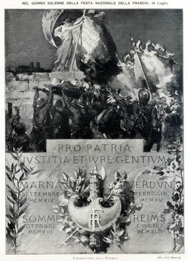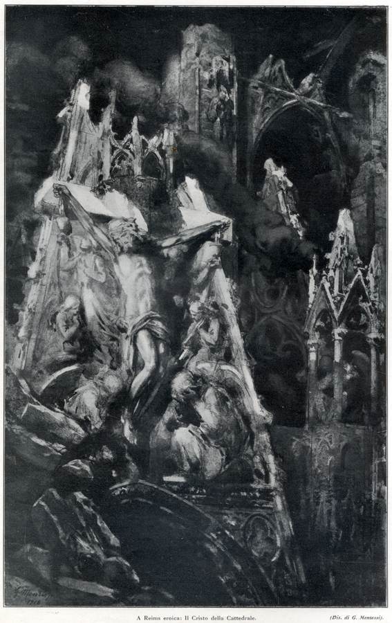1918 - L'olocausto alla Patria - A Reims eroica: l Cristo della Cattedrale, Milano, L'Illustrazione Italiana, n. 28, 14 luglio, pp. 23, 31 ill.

==

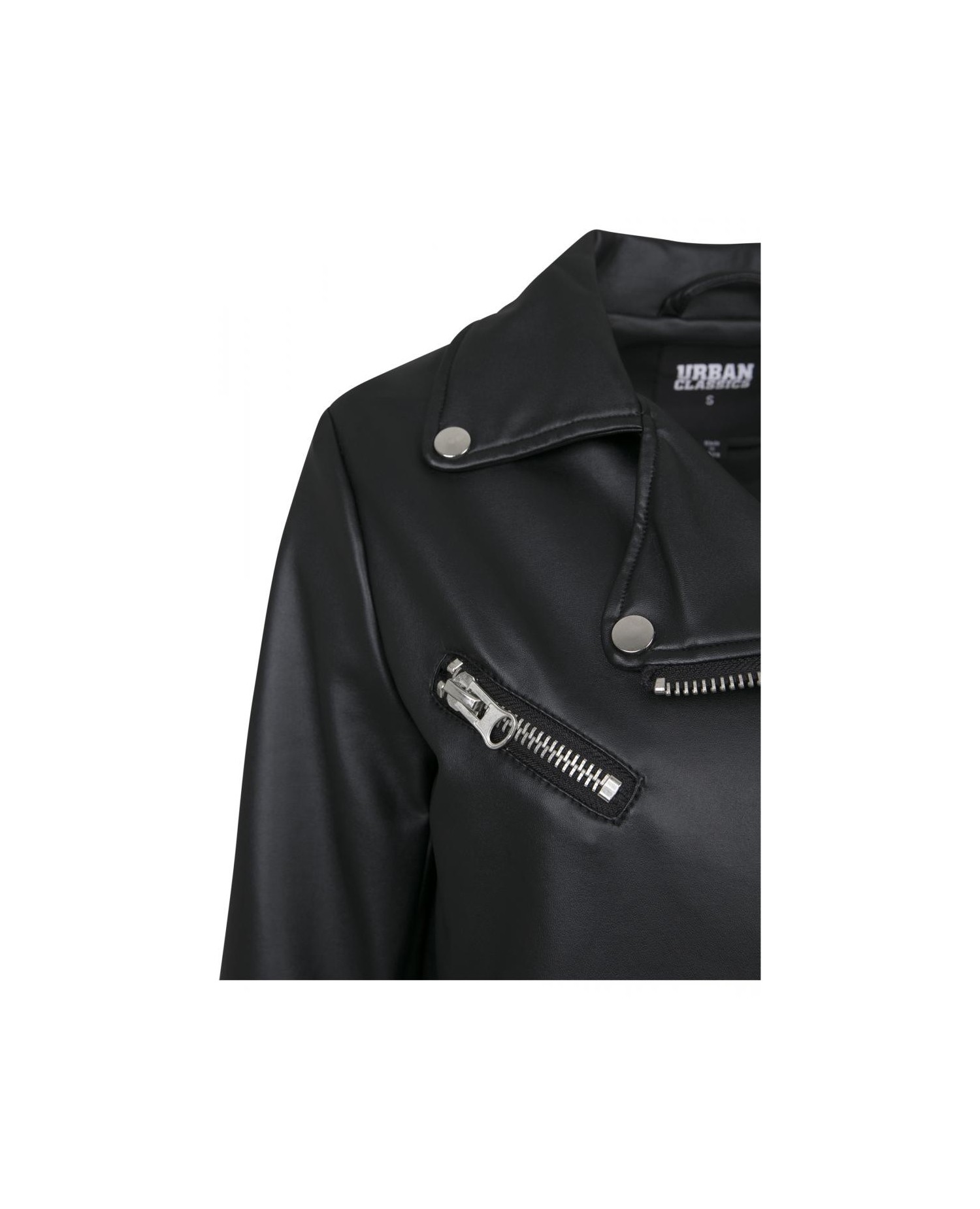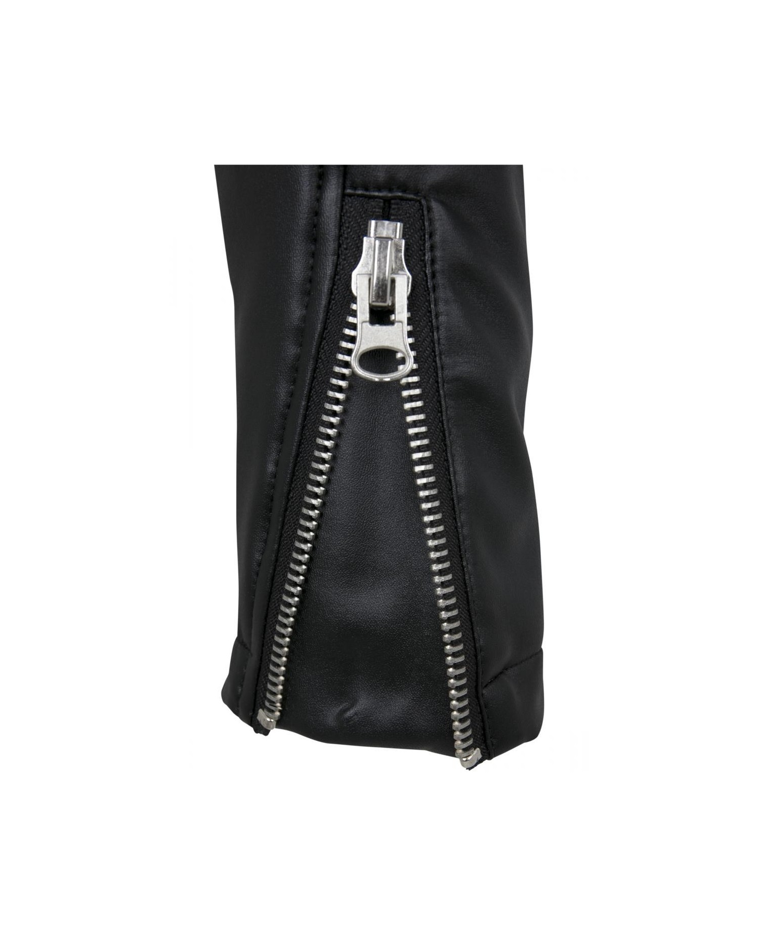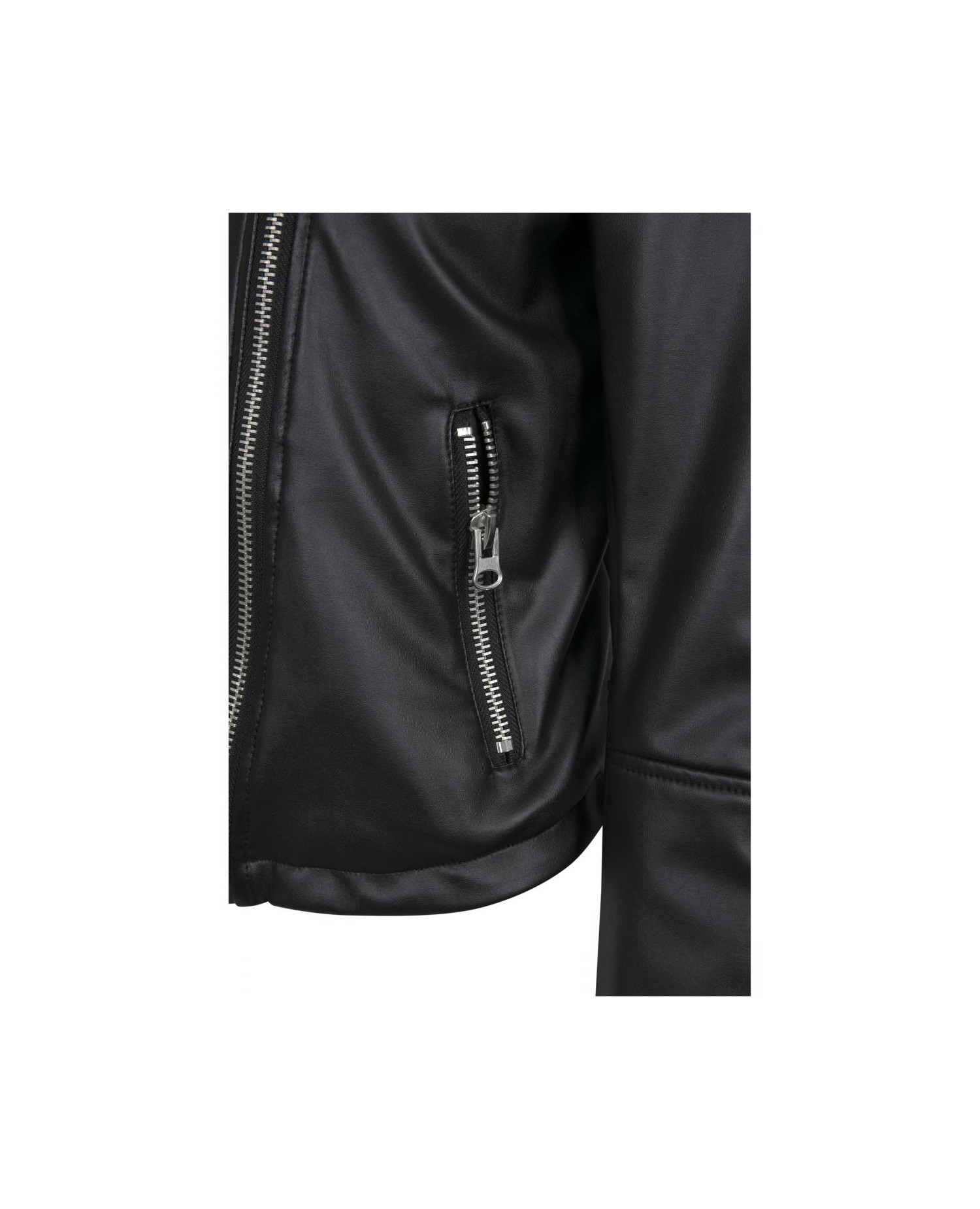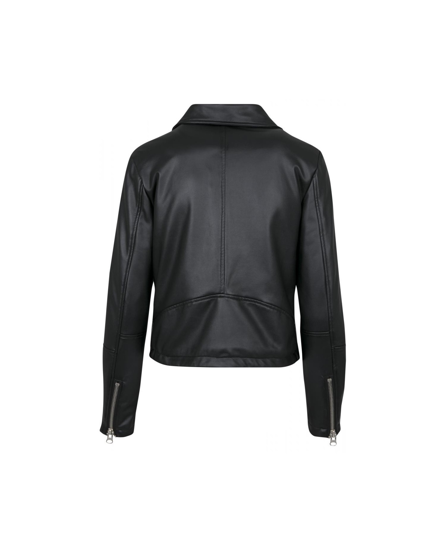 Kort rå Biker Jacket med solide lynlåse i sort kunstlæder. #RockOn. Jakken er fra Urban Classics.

---

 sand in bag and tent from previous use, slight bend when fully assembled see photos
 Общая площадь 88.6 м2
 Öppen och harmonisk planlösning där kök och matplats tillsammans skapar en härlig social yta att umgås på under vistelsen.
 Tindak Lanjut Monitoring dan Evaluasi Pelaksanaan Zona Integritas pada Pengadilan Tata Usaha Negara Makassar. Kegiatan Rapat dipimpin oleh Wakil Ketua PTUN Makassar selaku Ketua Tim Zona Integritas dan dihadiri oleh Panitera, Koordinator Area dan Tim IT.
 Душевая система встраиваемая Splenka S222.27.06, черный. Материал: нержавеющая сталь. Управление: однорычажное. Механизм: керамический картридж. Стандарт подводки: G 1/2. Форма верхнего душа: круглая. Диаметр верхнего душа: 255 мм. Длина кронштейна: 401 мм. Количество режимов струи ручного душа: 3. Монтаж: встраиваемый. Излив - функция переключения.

**What is expected:** Give the exact lines, and only those, from the line containing "sand in bag" through the line containing "Душевая система встраиваемая" in the entries above.

**Answer to the problem:**
 sand in bag and tent from previous use, slight bend when fully assembled see photos
 Общая площадь 88.6 м2
 Öppen och harmonisk planlösning där kök och matplats tillsammans skapar en härlig social yta att umgås på under vistelsen.
 Tindak Lanjut Monitoring dan Evaluasi Pelaksanaan Zona Integritas pada Pengadilan Tata Usaha Negara Makassar. Kegiatan Rapat dipimpin oleh Wakil Ketua PTUN Makassar selaku Ketua Tim Zona Integritas dan dihadiri oleh Panitera, Koordinator Area dan Tim IT.
 Душевая система встраиваемая Splenka S222.27.06, черный. Материал: нержавеющая сталь. Управление: однорычажное. Механизм: керамический картридж. Стандарт подводки: G 1/2. Форма верхнего душа: круглая. Диаметр верхнего душа: 255 мм. Длина кронштейна: 401 мм. Количество режимов струи ручного душа: 3. Монтаж: встраиваемый. Излив - функция переключения.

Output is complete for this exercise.